Let’s take it for a spin in IEx
:
iex(1)> {:ok, pid} = URLShortener.start_link
{:ok, #PID<0.108.0>}
iex(2)> URLShortener.shorten("https://google.com")
"99999ebcfdb78df077ad2727fd00969f"
iex(3)> URLShortener.shorten("https://yahoo.com")
"c88f320dec138ba5ab0a5f990ff082ba"
iex(4)> URLShortener.get("99999ebcfdb78df077ad2727fd00969f")
"https://google.com"
iex(5)> URLShortener.stop
:ok
iex(6)> Process.alive?(pid)
false
You can notice that although we captured the PID
on the first line, we do not
need it at all - all of the work is done for us by URLShortener
.
In this section, you saw how you can utilise names to more easily work with
processes. Let’s review our full implementation of the URLShortener
module.
Outro 🖖 #
Before we wrap up this long tutorial, let’s have a final look at our new
URLShortener
module, including the count/1
and flush/1
functions:
defmodule URLShortener do
use GenServer
# Client API
def start_link(name, opts \\ []) do
GenServer.start_link(__MODULE__, :ok, opts ++ [name: name])
end
def shorten(name, url) do
GenServer.call(name, {:shorten, url})
end
def get(name, short) do
GenServer.call(name, {:get, short})
end
def flush(name) do
GenServer.cast(name, :flush)
end
def stop(name) do
GenServer.cast(name, :stop)
end
def count(name) do
GenServer.call(name, :count)
end
# Callbacks
def init(:ok) do
{:ok, %{}}
end
def handle_cast(:flush, _state) do
{:noreply, %{}}
end
def handle_cast(:stop, state) do
{:stop, :normal, state}
end
def handle_call({:shorten, url}, _from, state) do
shortened = md5(url)
new_state = Map.put(state, shortened, url)
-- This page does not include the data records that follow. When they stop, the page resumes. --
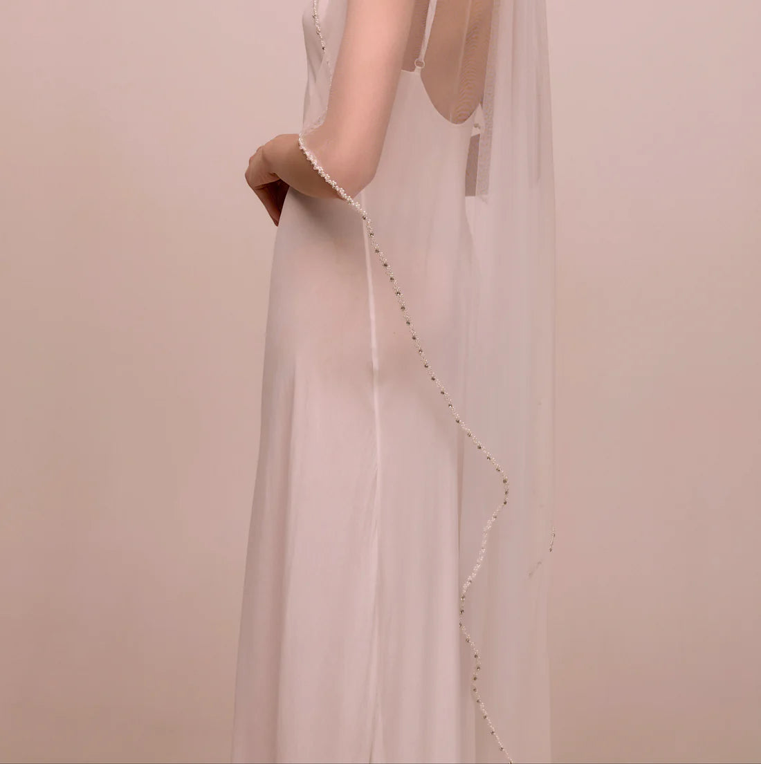 Meet VS26-04, the modern classic every bride deserves. Crafted from our premium Heirloom tulle®, this veil showcases sculptural simplicity with a soft sheer drape and delicate pearl beading hand-stitched along the edge. Its refined design transitions seamlessly from minimal to embellished gowns, making it the ultimate versatile companion for your bridal vision. The understated elegance speaks volumes, proving that true polish comes from thoughtful design rather than excess. Choose VS26-04 for a veil that feels both contemporary and timelessly beautiful.
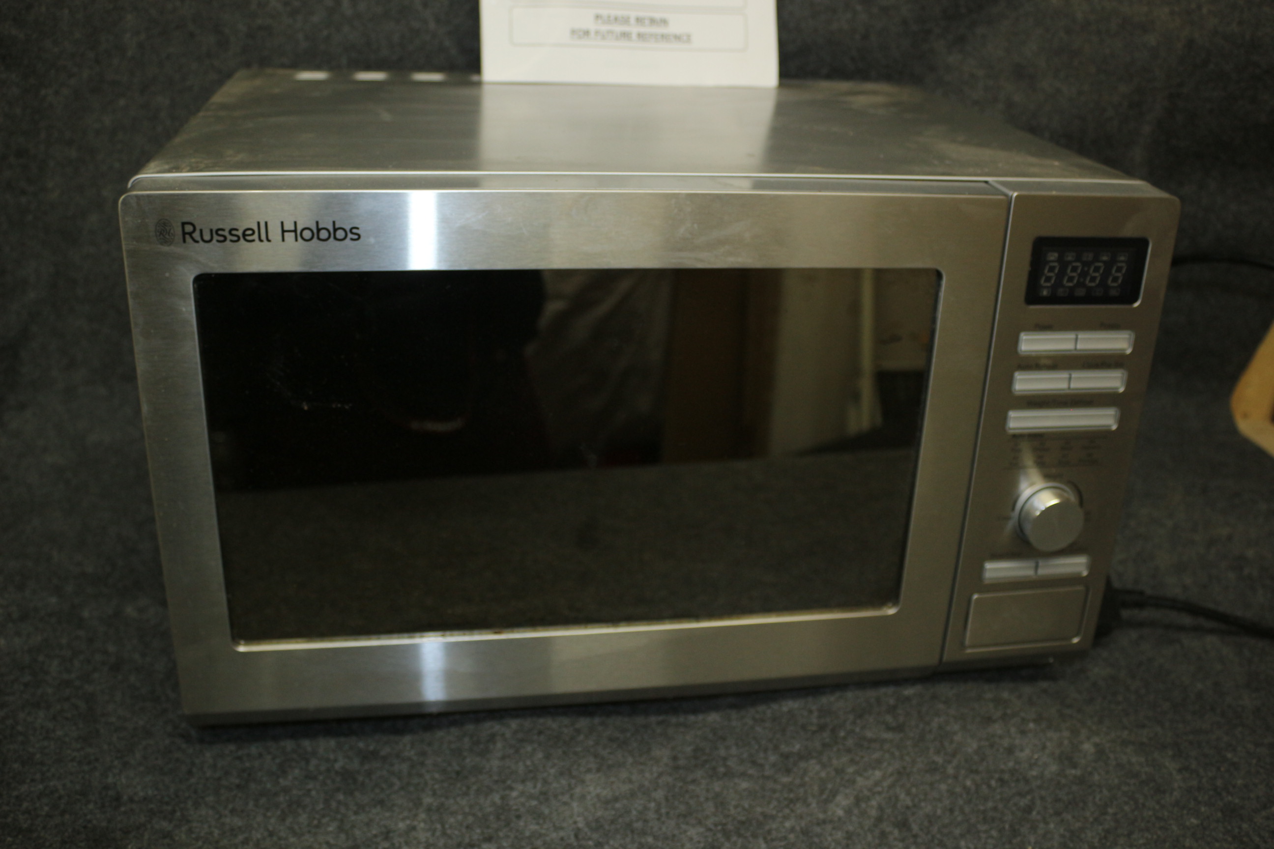 A silver Russell Hobbs compact digital microwave model number RHM2563 accompanied by its original printed user guide. Untested
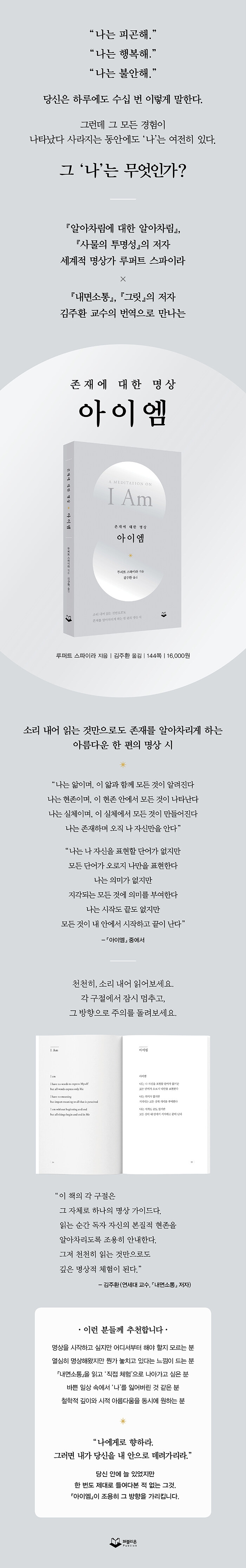 ¡º¾ÆÀÌ¿¥¡»Àº °æÇè ÀÌÀüÀÇ ¼ø¼öÇÑ ÇöÁ¸, Áï ¡®I Am¡¯À» ޱ¸ÇÏ´Â ¸í»ó¼ÀÌ´Ù. °æÇè ÀÌÀüÀÇ ³ª¸¦ ¸¸³ª°Ô ÇÏ´Â ÀÌ Ã¥Àº ¿ì¸®¸¦ °¡Àå ´Ü¼øÇÏ°íµµ ±Ù¿øÀûÀÎ ÀÚ¸®, Á¸Àç ±× ÀÚü·Î µ¹¾Æ°¡°Ô ÇÑ´Ù.

{:reply, shortened, new_state}
end
def handle_call({:get, short}, _from, state) do
{:reply, Map.get(state, short), state}
end
def handle_call(:count, _from, state) do
count = Map.keys(state) |> Enum.count
{:reply, count, state}
end
defp md5(url) do
:crypto.hash(:md5, url)
|> Base.encode16(case: :lower)
end
end
The two callbacks are faily simple - flush
will just send a noreply
and set
the state to an empty map. count
on the other hand will have a reply
with
the count of the items of the map, which is simply the numbers of keys there
are in the state
map. That’s all.
While you got to the end of the article your journey with GenServer
does not
end here. In fact, it just started. GenServer
s and OTP are very powerful
tools that you can use to build generic servers that can live in small BEAM
processes and have a very generic approach to building functionality (calls and
callbacks).
While we did cover a lot of ground here we didn’t touch on why we named the
starting function start_link
instead of just start
(hint: supervisors
convention), or how we would approach testing such a GenServer
like
URLShortener
.
In what kind of scenarios have you used GenServers
? Or, if you do not have
experience with it, where do you see yourself using it in the future?